7 Haziran seçimleri, Türkiye’de dengeleri değiştirdi, yeni bir yapıyı zorunlu kıldı. Bu sonuçlarla 13 yıla yakın süredir iktidarda olan Ak parti dahil hiçbir parti tek başına hükümeti kuramıyor. Muhalefet partileri biraraya gelemiyor. Bu durumda AKP-MHP veya AKP-CHP koalisyonu kurulma ihtimali yüksek. Bu koalisyon hükümetlerinden biri de kurulamazsa erken seçime gidilecek.
İşte tam bu noktada iş dünyası, tüm partilere çağrıda bulunuyor ve “Erken seçime gitmeyin, biraraya gelin, koalisyon hükümetini kurun” diyor. Turcomoney tam da bu noktada, iş dünyasının nabzını tuttu, önde gelen isimlerin görüşlerini aldı. Peki iş dünyası, yeni hükümetten ne istiyor, ne bekliyor? İşte bu soruların cevabını hazırladığımız dosyada bulacaksınız.
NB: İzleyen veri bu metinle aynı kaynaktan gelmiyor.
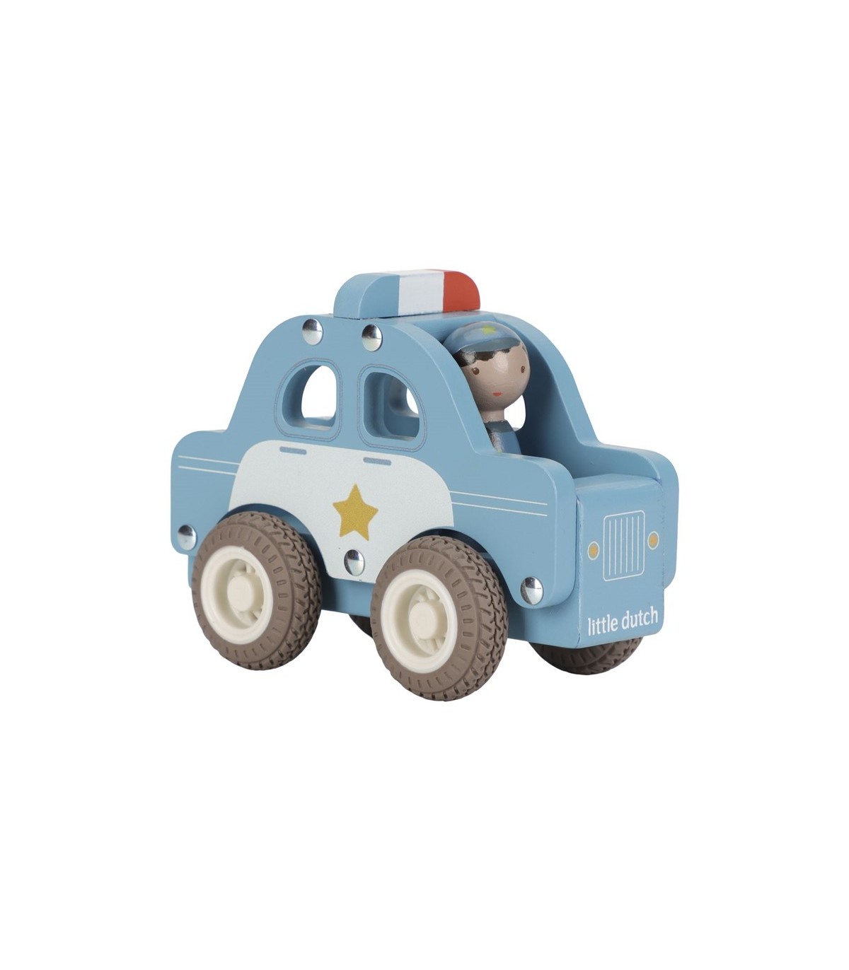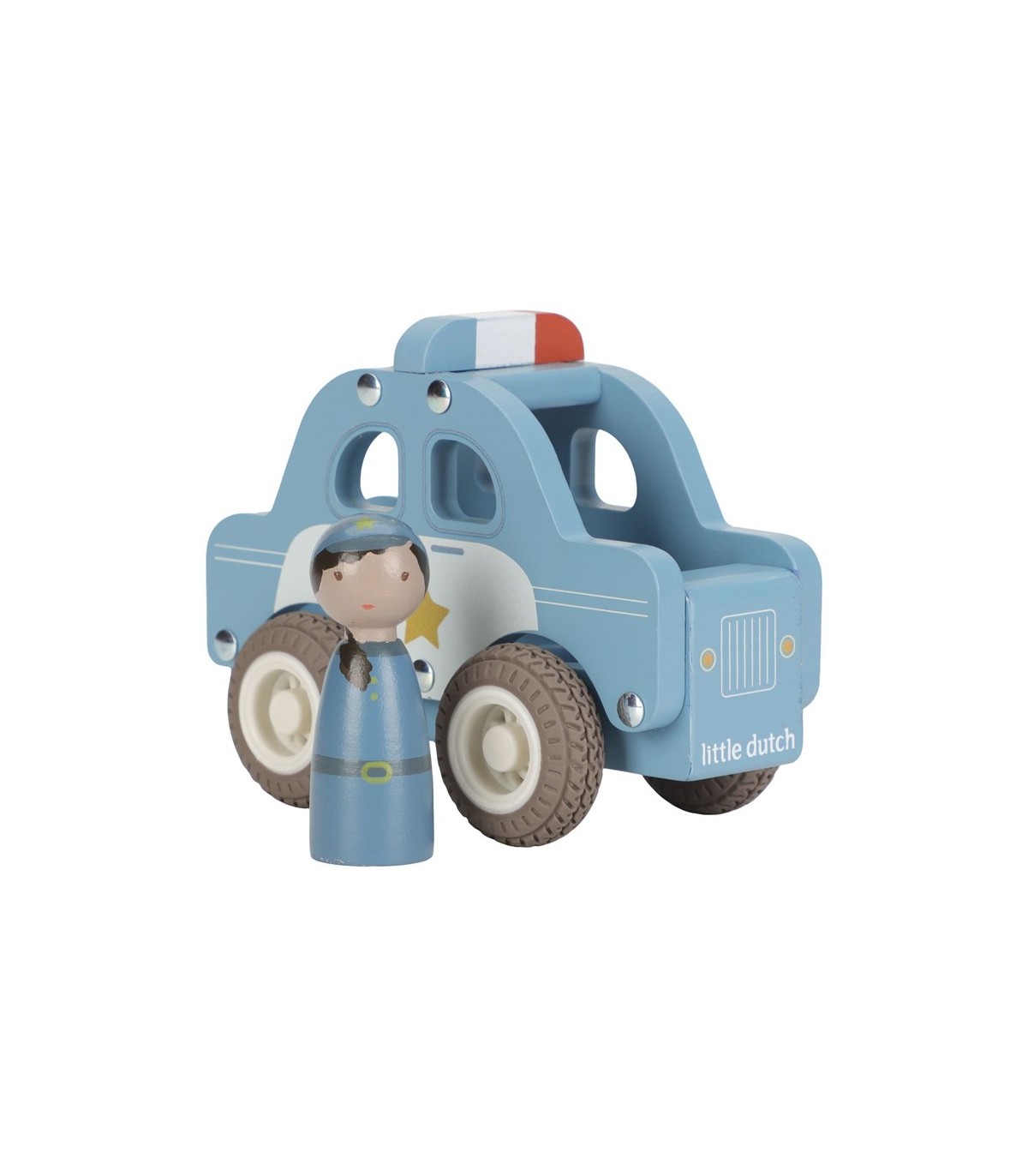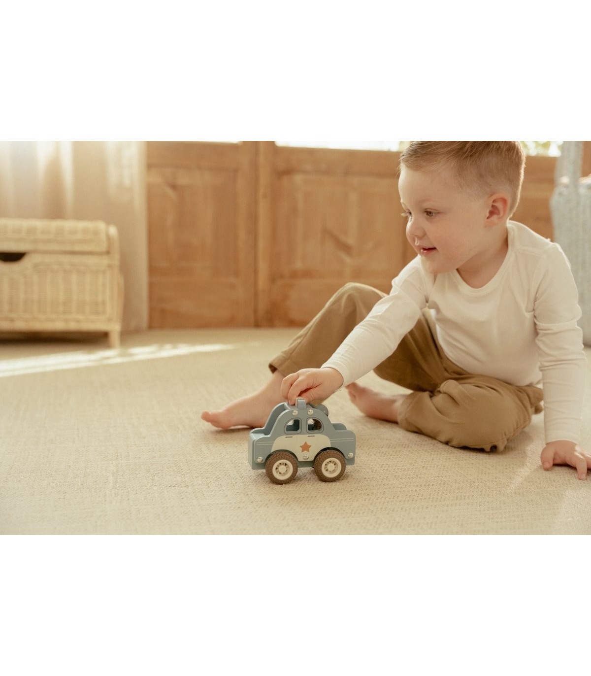 ¿Emergencia? ¡El coche de policía de madera corre a toda velocidad a la escena del crimen! Con ruedas de goma para una conducción suave y un policía robusto al volante, estás listo para mantener la ciudad segura. Recrea emocionantes persecuciones y mete a los criminales entre rejas. Este coche de policía de juguete es perfecto para juegos de rol y combina a la perfección con la comisaría de madera. ¿A quién ayudarás hoy en la ciudad?

Bu noktada önemli bir hususu belirtmek isterim. Şu anda koalisyon zorunluluğu nedeniyle siyasi ortamda ve iş çevrelerinde bir belirsizlik, bir gerginlik var. Kimileri buna,“hükümet kurulamama krizi” de diyebilir. Varsayalım ki bir kriz durumu sözkonusu. O halde bu krizi niye fırsata çevirmeyelim? Bu koalisyon hükümeti ile Türkiye’de kutuplaşmalar azaltılabilir, yükselen tansiyon düşürülebilir, çoktandır unuttuğumuz toplumsal uzlaşma sağlanabilir, sağlam bir hukuki ve demokratik yapı kurulabilir, güvenilir bir yargı sistemi oluşturulabilir, çağdaş, demokratik bir anayasa yapılabilir. Seçim barajı yüzde 5’e veya yüzde 3’e indirilerek toplumun tüm kesimlerinin Meclis’te temsil edilmesi sağlanabilir. Yolsuzlukların önünü kapatacak düzenlemelerle temiz bir siyaset tesis edilebilir. Seçimlerde vaat edilen projeler hayata geçirilerek gelir dağılımı önemli ölçüde düzeltilebilir. Yani kriz gibi görünen bu belirsizlik ortamı, büyük bir fırsata çevrilebilir.
Olabilir mi?
Zor, ama imkansız değil. Umarız partiler ve liderleri, bu adımı atar, Türkiye ve Türk halkı rahat bir nefes alır.